IllinoisGraphBenchmark / IGB-Datasets

Largest realworld open-source graph dataset - Worked done under IBM-Illinois Discovery Accelerator Institute and Amazon Research Awards and in collaboration with NVIDIA Research.

Home Page:https://arxiv.org/abs/2302.13522

Geek Repo:Geek Repo

Github PK Tool:Github PK Tool

Can you release the year each paper was published and organize it in the format where papers published earlier come first, similar to the OGB format?

yichuan520030910320 opened this issue · comments

Is your feature request related to a problem? Please describe.
We all know that GNNs perform better on inductive data compared to MLPs. One thing I appreciate about OGB is that they choose nodes with higher degrees (for instance, products with higher purchase volumes or papers published earlier) as the training set. This makes sense as earlier published papers are more likely to have labels. Could IGB also be organized in this way, marking earlier published articles as the training set? I believe this wouldn't be too difficult.

Describe the solution you'd like

Please release the publication year of the papers (each node) used in the construction of IGB. Set the train node to earlier published articles, which should be easy to implement.
Describe alternatives you've considered
A clear and concise description of any alternative solutions or features you've considered.

Additional context
Add any other context or screenshots about the feature request here.

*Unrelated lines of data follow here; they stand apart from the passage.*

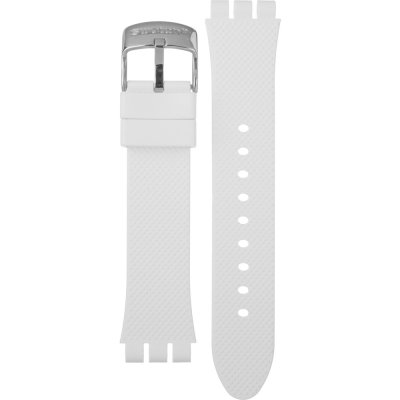 Ce bracelet de montre Swatchest fait de silicone et est attaché à la montre au moyen de goupilles en acier. Le bracelet a une taille de 19.7 mm et se ferme au moyen d'un boucle. Le bracelet n'a pas de support droit, ce qui signifie que ce bracelet convient uniquement aux montres énumérées ci-dessous.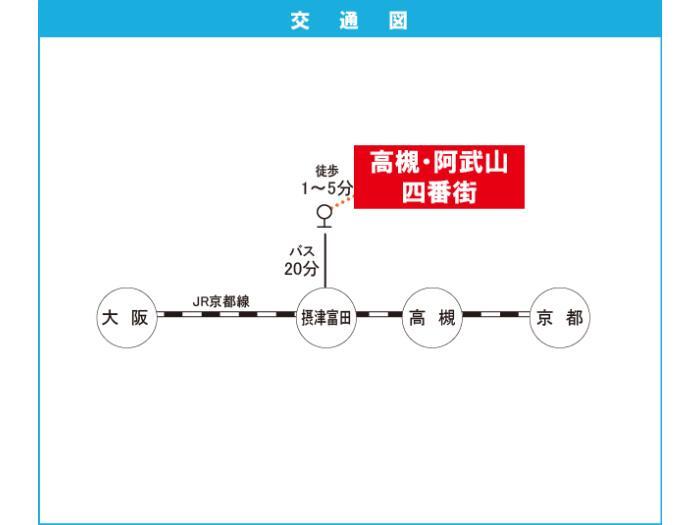 JR Tokaidou・Sanyou 『 Takatsuki Station 』 33 minutes bus ( to『公団阿武山』 bus stop) + 1 minutes walk Hankyu Kyoto Line 『 Tonda Station 』 13 minutes bus ( to『公団阿武山』 bus stop) + 1 minutes walk |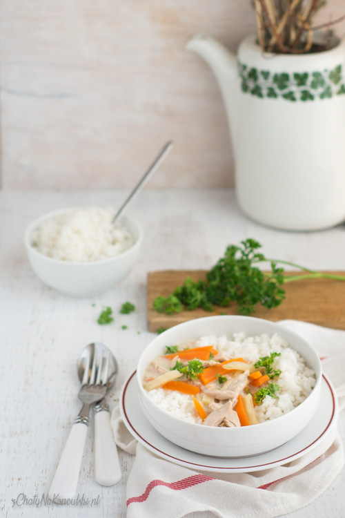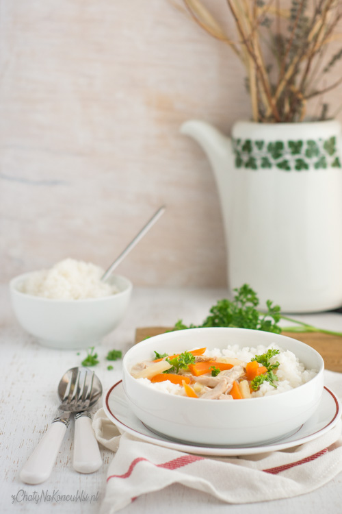 Potrawkę podaję z ryżem posypaną natką pietruszki.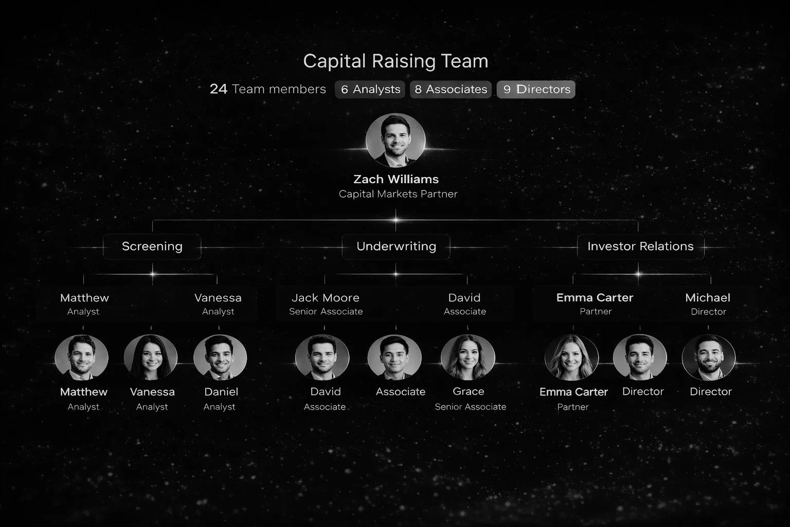• Fundraising workflow oversight • IR coordination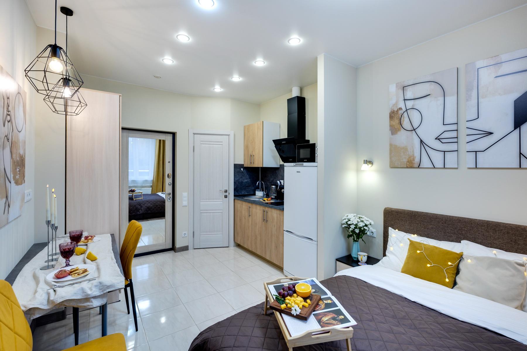🏡 Уютная студия «Эллида» от HOME24 в ЖК "Одинбург" для вашего идеального отдыха! Почувствуйте себя как дома в современной студии, выполненной в уютных и солнечных тонах. Идеальный вариант для пары или самостоятельного проживания, где каждая деталь создана для вашего комфорта и уюта. ✨ Что ждет вас внутри: Комфортный отдых: Уютная двуспальная кровать 140×200 см с ортопедическим матрасом и качественным постельным бельем. Современная техника: Полноценная кухня с индукционной варочной панелью, стиральная машина, фен, утюг, Smart TV и бесплатный Wi-Fi. Продуманные детали: Шторы blackout для отличного сна, фильтр для воды и вся необходимая посуда для приготовления любимых блюд. Забота о гостях: Приветственный набор (чай, кофе, сахар), комплекты полотенец и средства гигиены (шампунь, гель, мыло),а также тапочки. 🔑 Условия заселения — просто и четко: 🕰 Круглосуточное самостоятельное заселение: заезд с 14:00, выезд до 12:00. 💌 Бронируйте — и через 2 минуты вы получите инструкцию! 📝 Предоставляем отчетные документы и кассовый чек. 💰 Страховой депозит: 2000 рублей (возвращается при выезде). 👶 Дети до 5 лет — бесплатно (без отдельного места). 📜 Наши правила (для вашего комфорта): 🚭 Курение запрещено. 🎉 Без вечеринок. 🐾 Проживание с животными запрещено. 👥 Не более 2 гостей.

Indeed, in the industrial realm, the general consensus is that GNNs are employed to handle historical data to forecast subsequent information. Furthermore, settings like those in ogbn-arxic and ogbn-products resonate more with real-world data distribution patterns, where the more popular nodes are designated as train nodes, while other nodes are deemed temporarily unlabelled. While your provision of a higher label rate undoubtedly benefits the advancement of open-source GNN datasets, I believe that offering the publication year of the papers and providing an option for users to partition the train, val, and test sets based on these years would broaden IGB's user base, making it more in line with practical scenarios.

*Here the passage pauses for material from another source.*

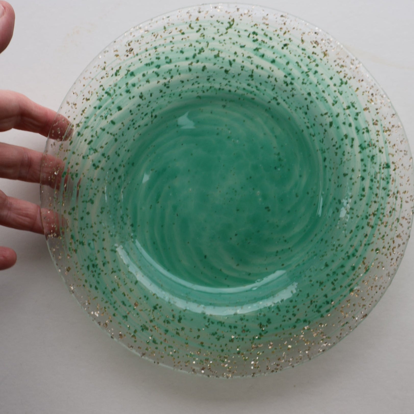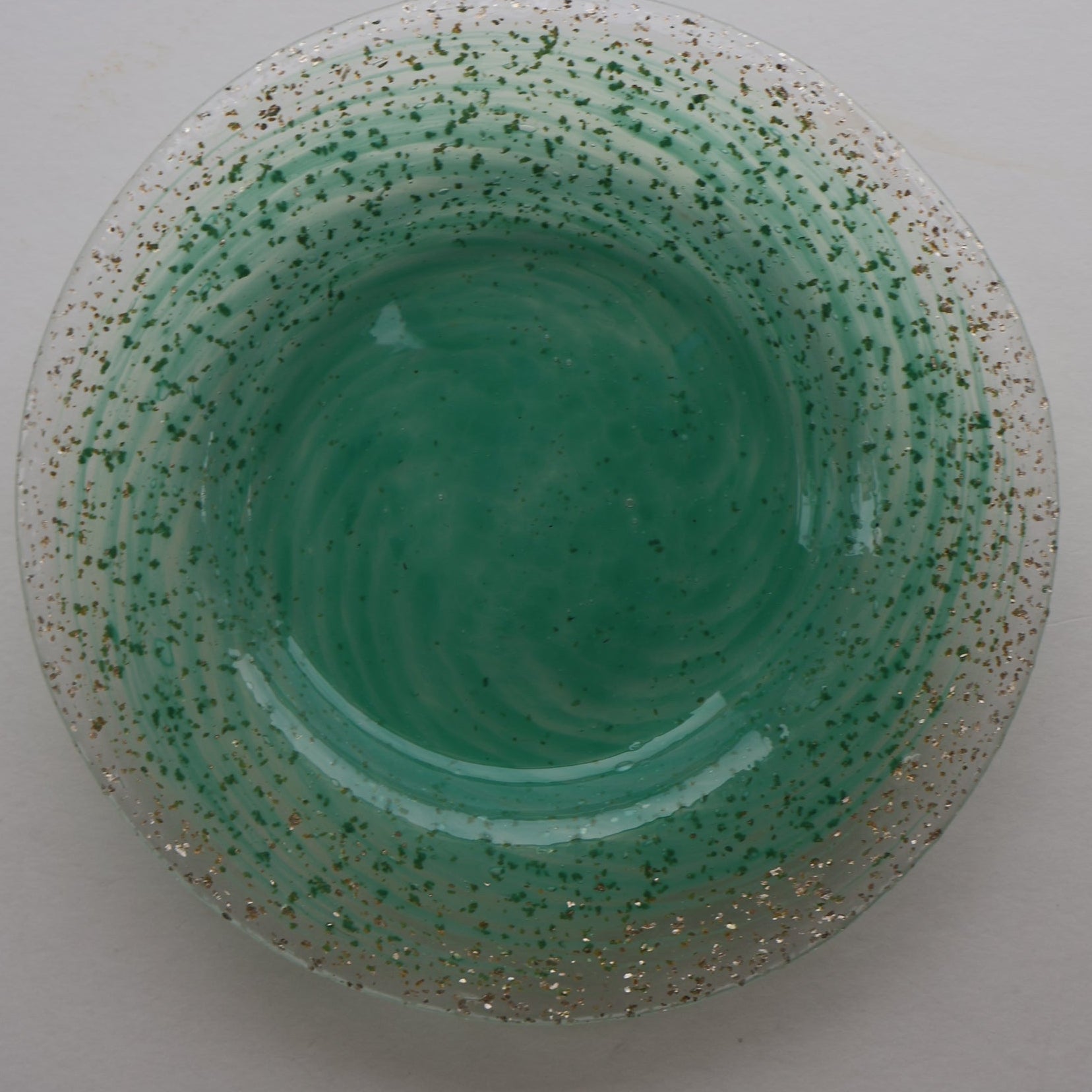 This is one of three pretty little vintage 1930s Scottish Monart Glass plates that I have in my online store. They are listed as (A), (B) and (C). They look good together, but being handmade there are slight differences in each one.
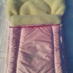 Внутри конверт из теплого, густого полушерстяного меха, дополнительным слоем утеплителя и для большей мягкости служит синтепон.

Thanks for the explanation. I agree that IGB should offer "an option to partition the dataset based on publication date/year". This aligns in spirit with the IGB goals - providing flexibility to the user to perform an ablation study to understand the impact of data distribution on downstream GNN tasks. Having said this, IGB will not change the default distribution of the raw data but provide a file with paper-id to date mapping so that the user can perform this task as needed.

@akhatua2 if we have raw data on year distribution for each paper-id then we should release them to ensure the above use case is handled. Releasing this data also can enable new use cases like temporal GNNs.

Yes, I believe this idea is great. If you have the publication dates of the papers, it would be beneficial to just release them for the community.Because I believe many people will have this use case. Thanks so much. Great work

Hey you should be able to download the paper year data right now using this command:

wget https://igb-public.s3.us-east-2.amazonaws.com/raw_data/paper_id_year_data.npy

The way to read ths file is:

paper_id_year_data = np.load('gnndataset/dataset_generation/paper_id_year_data.npy', allow_pickle=True).tolist()

The data is stored in the form of {paper_id: year}. These paper ids are mapped for each dataset in the paper_id_index_mapping.npy file. We will process this and release this along with the next update of the dataset soon.

cool thanks!!